**Work required**
Write the full listing out again, word for word, but omit the pictures.

**Supplied data**
▼▼▼

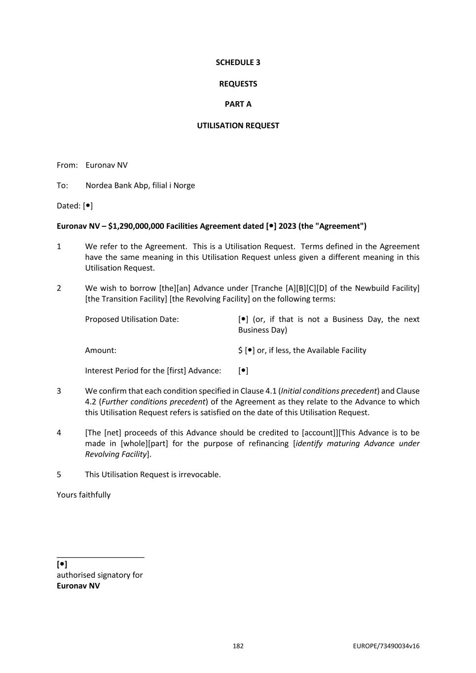 182 EUROPE/73490034v16 SCHEDULE 3 REQUESTS PART A UTILISATION REQUEST From: Euronav NV To: Nordea Bank Abp, filial i Norge Dated: [] Euronav NV – $1,290,000,000 Facilities Agreement dated [] 2023 (the "Agreement") 1 We refer to the Agreement. This is a Utilisation Request. Terms defined in the Agreement have the same meaning in this Utilisation Request unless given a different meaning in this Utilisation Request. 2 We wish to borrow [the][an] Advance under [Tranche [A][B][C][D] of the Newbuild Facility] [the Transition Facility] [the Revolving Facility] on the following terms: Proposed Utilisation Date: [] (or, if that is not a Business Day, the next Business Day) Amount: $ [] or, if less, the Available Facility Interest Period for the [first] Advance: [] 3 We confirm that each condition specified in Clause 4.1 (Initial conditions precedent) and Clause 4.2 (Further conditions precedent) of the Agreement as they relate to the Advance to which this Utilisation Request refers is satisfied on the date of this Utilisation Request. 4 [The [net] proceeds of this Advance should be credited to [account]][This Advance is to be made in [whole][part] for the purpose of refinancing [identify maturing Advance under Revolving Facility]. 5 This Utilisation Request is irrevocable. Yours faithfully ____________________ [] authorised signatory for Euronav NV
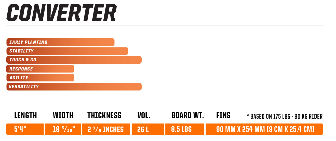 Das Converter basiert auf dem Angry Swallow und ist unsere absolut vielseitigste Ein-Board-Lösung mit einer Mastschiene für Foils und Klick-Inserts für FCS II Finnen. So kannst du dich mit dem gleichen Board ganz einfach zwischen Foilen und Wave Riding entscheiden. In der Welle erwartet dich ein bewährter Shape ohne Performance-Abstriche und beim Foilen feinstes Surf-Feeling. Ob du nun viel reist und keinen Platz für zwei Boards hast oder dir das Geld für ein extra Board sparen möchtest, der Converter punktet mit der idealen Balance aus Praktikabilität und Vielseitigkeit.
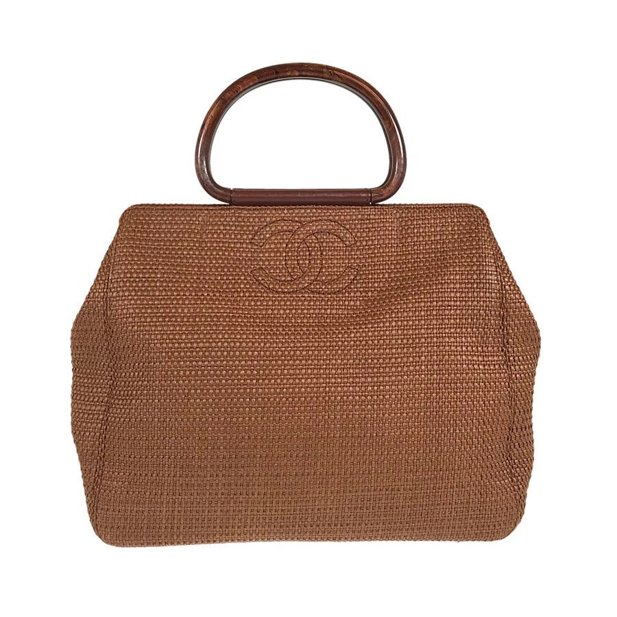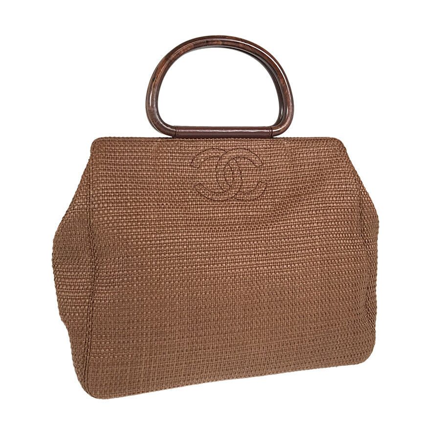 CHANEL CC VINTAGE WOVEN RAFFIA HANDBAGCHANEL CC VINTAGE WOVEN RAFFIA HANDBAG
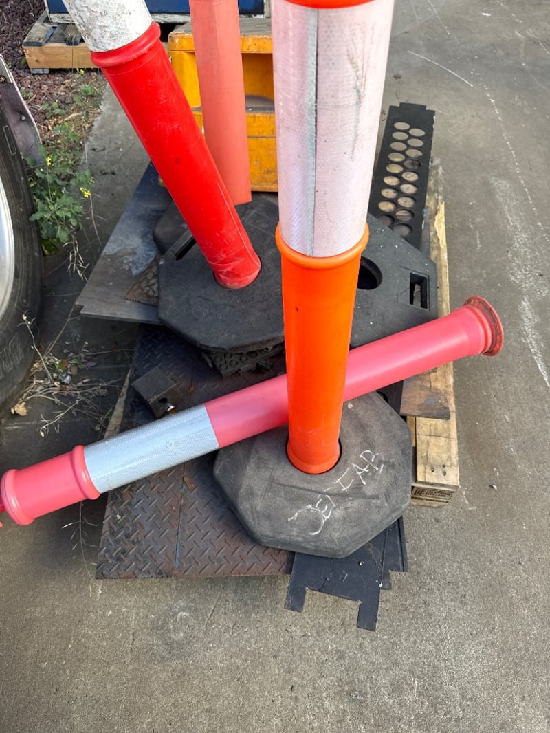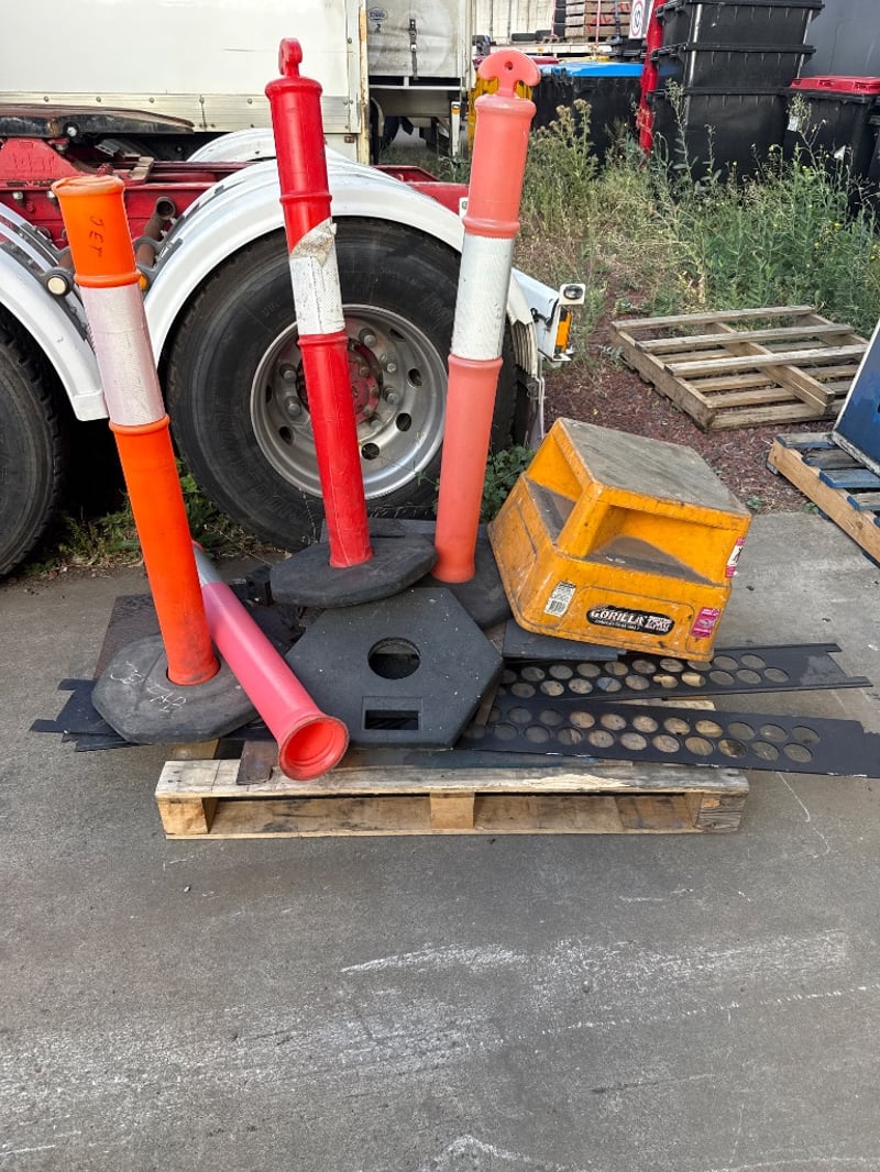 Assorted Equipment, Brands include gorilla ect. Items include Step stool, Traffic bollards, Steel Cover sheets ect.

▲▲▲

**Exercise result**
 182 EUROPE/73490034v16 SCHEDULE 3 REQUESTS PART A UTILISATION REQUEST From: Euronav NV To: Nordea Bank Abp, filial i Norge Dated: [] Euronav NV – $1,290,000,000 Facilities Agreement dated [] 2023 (the "Agreement") 1 We refer to the Agreement. This is a Utilisation Request. Terms defined in the Agreement have the same meaning in this Utilisation Request unless given a different meaning in this Utilisation Request. 2 We wish to borrow [the][an] Advance under [Tranche [A][B][C][D] of the Newbuild Facility] [the Transition Facility] [the Revolving Facility] on the following terms: Proposed Utilisation Date: [] (or, if that is not a Business Day, the next Business Day) Amount: $ [] or, if less, the Available Facility Interest Period for the [first] Advance: [] 3 We confirm that each condition specified in Clause 4.1 (Initial conditions precedent) and Clause 4.2 (Further conditions precedent) of the Agreement as they relate to the Advance to which this Utilisation Request refers is satisfied on the date of this Utilisation Request. 4 [The [net] proceeds of this Advance should be credited to [account]][This Advance is to be made in [whole][part] for the purpose of refinancing [identify maturing Advance under Revolving Facility]. 5 This Utilisation Request is irrevocable. Yours faithfully ____________________ [] authorised signatory for Euronav NV
 Das Converter basiert auf dem Angry Swallow und ist unsere absolut vielseitigste Ein-Board-Lösung mit einer Mastschiene für Foils und Klick-Inserts für FCS II Finnen. So kannst du dich mit dem gleichen Board ganz einfach zwischen Foilen und Wave Riding entscheiden. In der Welle erwartet dich ein bewährter Shape ohne Performance-Abstriche und beim Foilen feinstes Surf-Feeling. Ob du nun viel reist und keinen Platz für zwei Boards hast oder dir das Geld für ein extra Board sparen möchtest, der Converter punktet mit der idealen Balance aus Praktikabilität und Vielseitigkeit.
 CHANEL CC VINTAGE WOVEN RAFFIA HANDBAGCHANEL CC VINTAGE WOVEN RAFFIA HANDBAG
 Assorted Equipment, Brands include gorilla ect. Items include Step stool, Traffic bollards, Steel Cover sheets ect.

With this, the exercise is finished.